NUCLEATE POOL BOILING FROM SELECTIVE LASER MELTED MICROGROOVES/ MICROCAVITIES SURFACES WITH HFE-7000

DOI: 10.1615/TFESC1.mph.013076
pages 1917-1928

Jin Yao Ho
School of Mechanical and Aerospace Engineering Nanyang Technological University 50 Nanyang Avenue, Singapore 639798 Republic of Singapore

Kin Keong Wong
School of Mechanical and Aerospace Engineering Nanyang Technological University 50 Nanyang Avenue, Singapore 639798 Republic of Singapore

Kai Choong Leong
School of Mechanical and Aerospace Engineering Nanyang Technological University 50 Nanyang Avenue, Singapore 639798 Republic of Singapore

Charles Yang
School of Mechanical and Aerospace Engineering Nanyang Technological University 50 Nanyang Avenue, Singapore 639798 Republic of Singapore


KEY WORDS: Pool boiling, critical heat flux, selective laser melting, HFE-7000

Abstract

Microscale surface modification techniques for enhancing nucleate pool boiling performance have shown significant progress in the last three decades. Selective laser melting (SLM), with the ability to fabricate highly complex and ordered structures, offers an alternative surface modification technique for promoting boiling. This technique utilizes a laser source which selectively melts and fuses the base metal powder in accordance to pre-programmed models in successive layers. With adequate control of the laser intensity and scanning positions, structured microscale surfaces can be produced.

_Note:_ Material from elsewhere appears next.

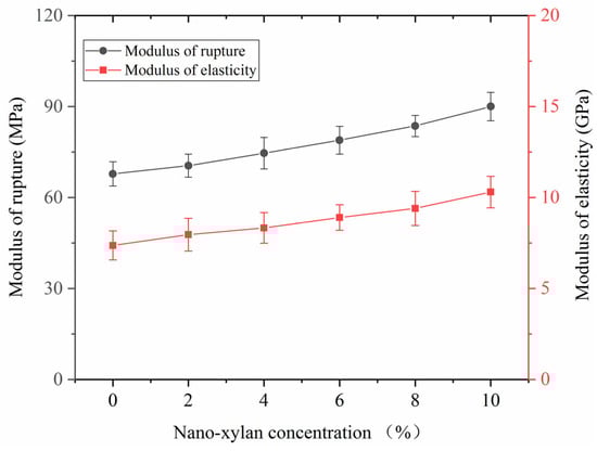 The examined strength loss for the pine wood after infection by the fungi is shown in Figure 10. The modulus of rupture and modulus of elasticity of the original samples were 106.37 MPa and 12.31 GPa, respectively. After infection for 12 weeks, the modulus of rupture and modulus of elasticity of the untreated samples decreased to 67.81 MPa and 7.36 GPa, respectively. A smaller strength loss was observed for the samples modified with nano-xylan. When the nano-xylan concentration was 10%, the modulus of rupture and modulus of elasticity of the modified pine wood after a 12-week infection remained at 89.5 MPa and 9.31 GPa, respectively. These results further support that nano-xylan modification enhanced the anti-fungal performance of pine wood.

In the present study, two 10 mm × 10 mm microstructured surfaces were fabricated using the SLM technique with AlSi10Mg metallic powder of 20 to 63 µm distribution size range. Surfaces 1 and 2 contain 500 µm and 700 µm sized microcavities, respectively. In addition, the microcavities were separated by microgrooves with average distances of 120 and 150 µm. Saturated pool boiling experiments were performed on these surfaces with HFE-7000 in a thermosyphon. The results show that the microstructured surfaces enhanced heat transfer by up to 30% as compared to a plain surface and critical heat flux as high as 50.5 W/cm2 was achieved. In addition, the microgrooves were observed to be active nucleation sites whereas the microcavities were found to be inactive sites. These observations agree well with the theoretical analysis performed, where the active cavities sizes were calculated to be between 0.05 and 164 µm. Finally, correlations are proposed to characterize the pool boiling curves of these surfaces taking into consideration the effects of their microfeatures.